--- Problem statement ---
Pictures aside, write out the data exactly as it reads.

--- Source data ---
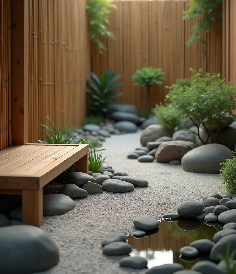 Imagine stepping outside and entering a space that encourages calm reflection and gentle connection with nature. A Zen-inspired patio blends earthy tones, smooth stone, and graceful greenery to form an environment where the mind can slow down.
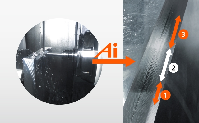 การควบคุมด้วย AI ที่เป็นเอกลักษณ์ของ Mazak เข้ามาช่วยควบคุมคุณภาพพื้นผิวงานและเพิ่มผลผลิต หากเกิดการสั่นสะเทือนระหว่างการกัด เซ็นเซอร์และระบบควบคุมแบบ AI จะเปลี่ยนสภาพการตัดเฉือนโดยอัตโนมัติเพื่อลดการสั่นสะเทือนที่เกิดจากการตัดเฉือน
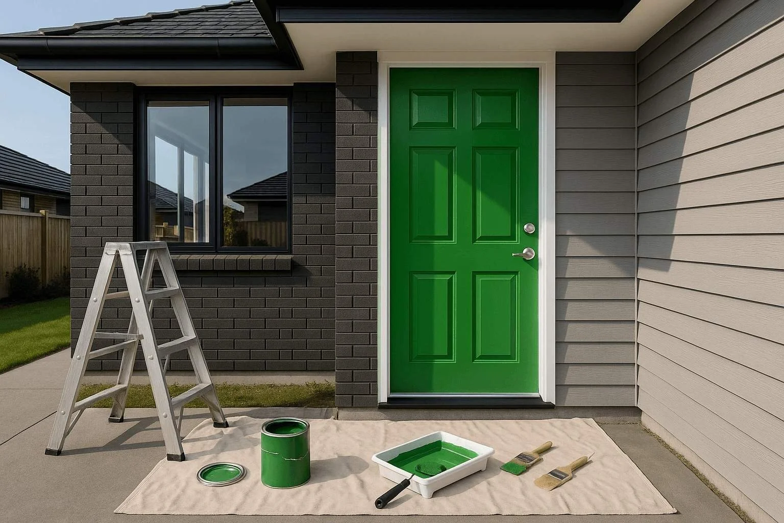 A crucial aspect that often impacts the final result of your painting project is surface preparation. Proper cleaning, sanding, and priming of the door ensure that the paint adheres well and remains durable over time. Start by thoroughly cleaning the door to remove dirt and grease, which can interfere with paint adhesion. After cleaning, sand the door to smooth out any imperfections, creating an ideal surface for the primer. Priming is a step not to be skipped, as it seals the surface and provides a uniform base for the paint. This process is particularly important in the humid climate of Christchurch, where extra moisture can affect the adhesion and durability of the paint.

--- Answer for this exercise ---
 Imagine stepping outside and entering a space that encourages calm reflection and gentle connection with nature. A Zen-inspired patio blends earthy tones, smooth stone, and graceful greenery to form an environment where the mind can slow down.
 การควบคุมด้วย AI ที่เป็นเอกลักษณ์ของ Mazak เข้ามาช่วยควบคุมคุณภาพพื้นผิวงานและเพิ่มผลผลิต หากเกิดการสั่นสะเทือนระหว่างการกัด เซ็นเซอร์และระบบควบคุมแบบ AI จะเปลี่ยนสภาพการตัดเฉือนโดยอัตโนมัติเพื่อลดการสั่นสะเทือนที่เกิดจากการตัดเฉือน
 A crucial aspect that often impacts the final result of your painting project is surface preparation. Proper cleaning, sanding, and priming of the door ensure that the paint adheres well and remains durable over time. Start by thoroughly cleaning the door to remove dirt and grease, which can interfere with paint adhesion. After cleaning, sand the door to smooth out any imperfections, creating an ideal surface for the primer. Priming is a step not to be skipped, as it seals the surface and provides a uniform base for the paint. This process is particularly important in the humid climate of Christchurch, where extra moisture can affect the adhesion and durability of the paint.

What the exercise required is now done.